PL/SQL Cursor FOR LOOP

Summary: in this tutorial, you will learn how to use the PL/SQL cursor FOR LOOP statement to fetch and process every record from a cursor.

Introduction to PL/SQL cursor FOR LOOP statement

The cursor FOR LOOP statement is an elegant extension of the numeric FOR LOOP statement.

The numeric FOR LOOP executes the body of a loop once for every integer value in a specified range.  Similarly, the cursor FOR LOOP executes the body of the loop once for each row returned by the query associated with the cursor.

A nice feature of the cursor FOR LOOP statement is that it allows you to fetch every row from a cursor without manually managing the execution cycle i.e.,  OPEN, FETCH, and CLOSE.

The cursor FOR LOOP implicitly creates its loop index as a record variable with the row type in which the cursor returns and then opens the cursor.

In each loop iteration, the cursor FOR LOOP statement fetches a row from the result set into its loop index. If there is no row to fetch, the cursor FOR LOOP closes the cursor.

The cursor is also closed if a statement inside the loop transfers control outside the loop, e.g., EXIT and GOTO, or raises an exception.

The following illustrates the syntax of the cursor FOR LOOP statement:

FOR record IN cursor_name
LOOP
    process_record_statements;
END LOOP;
Code language: PostgreSQL SQL dialect and PL/pgSQL (pgsql)

1) record

The record is the name of the index that the cursor FOR LOOP statement declares implicitly as a %ROWTYPE record variable of the type of the cursor.

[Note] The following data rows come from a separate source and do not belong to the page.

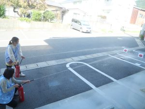 このように毎月交代で、訓練用の消火器を使って消火訓練を行っています![]()
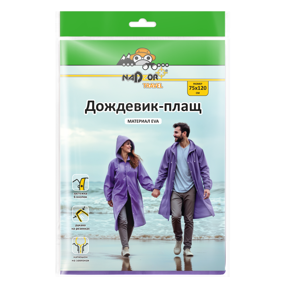 Дождевик-плащ EVA, фиолетовый, на кнопках, рукава на резинках, 110 мк
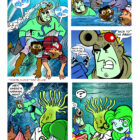 SCINTILLATING TALES #2 — Presenting the newest anthology from George Broderick, Jr., featuring all-new tales of some of his most beloved characters in print for the very first time! Follow the unfathomable adventures of Unbelievable Man and his boy pal, Jigs Jameson as they explore Unbelievable Man’s “secret” headquarters. Thrill to the exploits of Thunder Ape as he contends with a bionic shark! Hold your breath for the underwater adventures of Seahorse Man and his sidekick, Red Snapper! Marvel at the detective skills of The Turducken and the flailing fists of Captain Angry: The Bloody Knuckles Of Justice… and wrack your brains over the befuddled antics of the time traveling Senor Moment! Discover why cartoonist George Broderick, Jr. continues to be “One of the most beloved characters in American folklore”!
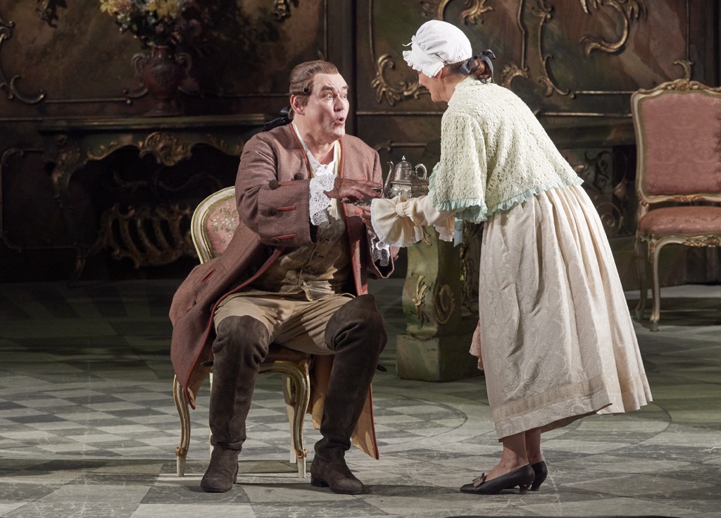 «Кавалер розы» — опера для ироничной медитации, для вдумчивого наблюдения. В образе главной героини мы видим и преданную супругом императрицу Сиси, и властную «бабушку всея Австрии» Марию Терезию, и легко угадываем реальных прототипов – и Верденбергов, и Карла-Рудольфа Вюрттемберг-Нойенштадтского, и его бездетную гражданскую супругу Марию Терезию, и дорогое сердцу авторов имя фон Лерхенау, и тонко показанный способ быстро разбогатеть в Вене XVIII в. и т.д., и т.п. Работа с таким материалом в таком месте, как Венская опера, — дело подрасстрельное. И маэстро Филипп Джордан справляется с этой задачей идеально.
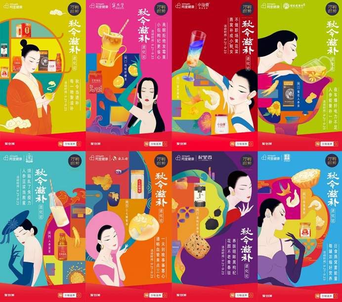 滋补养生是个庞大的领域,消费升级环境下,如何与目标消费者就这个传统命题进行有效沟通?阿里健康对年轻人们的生活习惯进行深刻洞察,针对养生需求场景差异,精选七个滋补品牌,推出七道步骤简单的创新滋补料理,区别于传统汤药式养生,以全新的新潮国风风格与消费者沟通,打造新式养生消费体验。
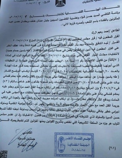 أصدرت الهيئة القضائية للانتخابات، قراراً بإلغاء فوز المرشح عن حزب السيادة طه ياسين جسام حمود المجمعي وحجب أصواته الانتخابية.
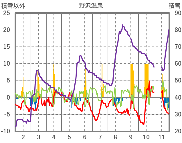 | 日 | 時 | 気温 | 降水 | 風向/風速 | 日照 | 積雪 | 降雪 |
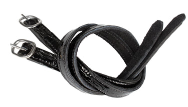 Spoorriempjes van croco lak leer. Productspecificaties: verstevigd met nylon voering per paar Afmeting: 45 cm lang
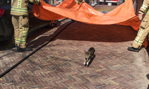 Schiedam – De brandweer Schiedam heeft zaterdagmiddag aan de Lange Haven een kat uit een boom gejaagd. De hoogwerker van de brandweer kon de locatie niet bereiken, waardoor er een andere oplossing gezocht moest worden. Door een straal water net naast de kat te spuiten werd het beestje opgejaagd om te verplaatsen. Het gewenste effect werd ook behaald; de kat rende zo naar beneden en sprong vervolgens op straat. Vier brandweermannen stonden met een zeil klaar om de kat op te vangen, mocht deze vallen of ergens anders heen springen, maar de kat had hier weinig zin in en sprong op straat en ging er volgens snel vandoor.
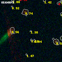 Object #1211 x,y = (1614, 2147) RA, Dec = (01:37:28.704, -8:27:42.84) = (24.36960, -8.46190) BPZ = 1.305 [0.314--4.213] type = 9.20 (SB2_B10 - SB3_B10) chisq2 = 0.82 ODDS = 0.07 z_cluster = 0.566
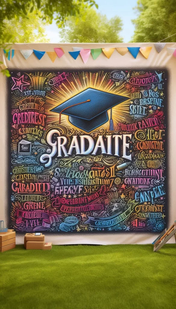 • Use a large chalkboard or black paper to create a chalk art design featuring the graduate’s name, graduation year, and decorative elements like stars, hearts, or banners.
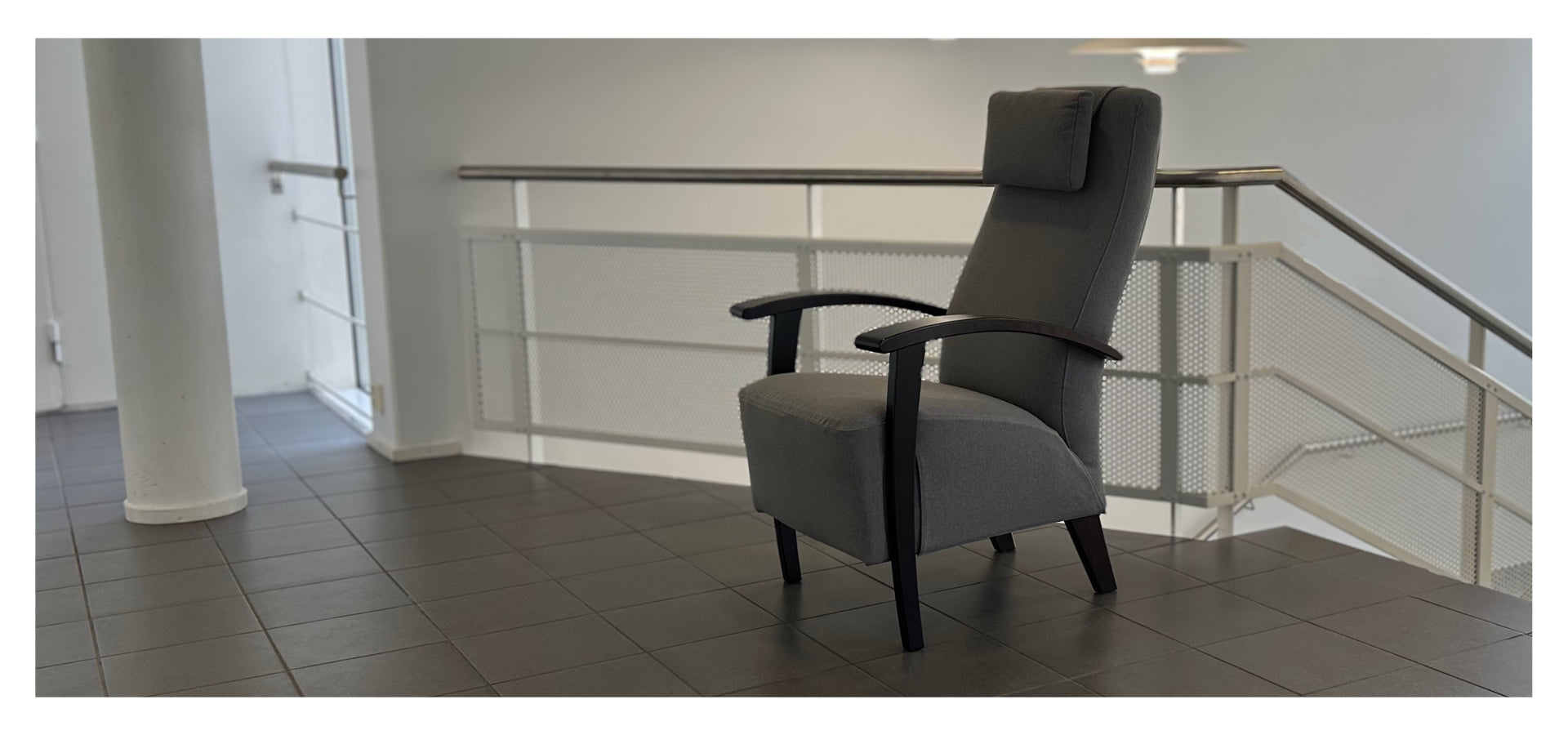 Normaalilla istuinkorkeudella oleva ryhdikäs nojatuoli.

The record variable is local to the cursor FOR LOOP statement. It means that you can only reference it inside the loop, not outside. After the cursor FOR LOOP statement execution ends, the record variable becomes undefined.

2) cursor_name

The cursor_name is the name of an explicit cursor that is not opened when the loop starts.

Note that besides the cursor name, you can use a SELECT statement as shown below:

FOR record IN (select_statement)
LOOP
    process_record_statements;
END LOOP; 
Code language: PostgreSQL SQL dialect and PL/pgSQL (pgsql)

In this case, the cursor FOR LOOP declares, opens, fetches from, and closes an implicit cursor. However, the implicit cursor is internal; therefore, you cannot reference it.

Note that Oracle Database automatically optimizes a cursor FOR LOOP to work similarly to a BULK COLLECT query. Although your code looks as if it fetched one row at a time, Oracle Database fetches multiple rows at a time and allows you to process each row individually.

PL/SQL cursor FOR LOOP examples

Let’s look at some examples of using the cursor FOR LOOP statement to see how it works.

1) PL/SQL cursor FOR LOOP example

The following example declares an explicit cursor and uses it in the cursor FOR LOOP statement.

DECLARE
  CURSOR c_product
  IS
    SELECT 
        product_name, list_price
    FROM 
        products 
    ORDER BY 
        list_price DESC;
BEGIN
  FOR r_product IN c_product
  LOOP
    dbms_output.put_line( r_product.product_name || ': $' ||  r_product.list_price );
  END LOOP;
END;Code language: PostgreSQL SQL dialect and PL/pgSQL (pgsql)

In this example, the SELECT statement of the cursor retrieves data from the products table. The FOR LOOP statement opened, fetched each row in the result set, displayed the product information, and closed the cursor.

2) Cursor FOR LOOP with a SELECT statement example

The following example is equivalent to the example above but uses a query in a cursor FOR LOOP statement.

BEGIN
  FOR r_product IN (
        SELECT 
            product_name, list_price 
        FROM 
            products
        ORDER BY list_price DESC
    )
  LOOP
     dbms_output.put_line( r_product.product_name ||
        ': $' || 
        r_product.list_price );
  END LOOP;
END;Code language: PostgreSQL SQL dialect and PL/pgSQL (pgsql)

In this tutorial, you have learned how to use the PL/SQL cursor FOR LOOP to fetch data from a cursor.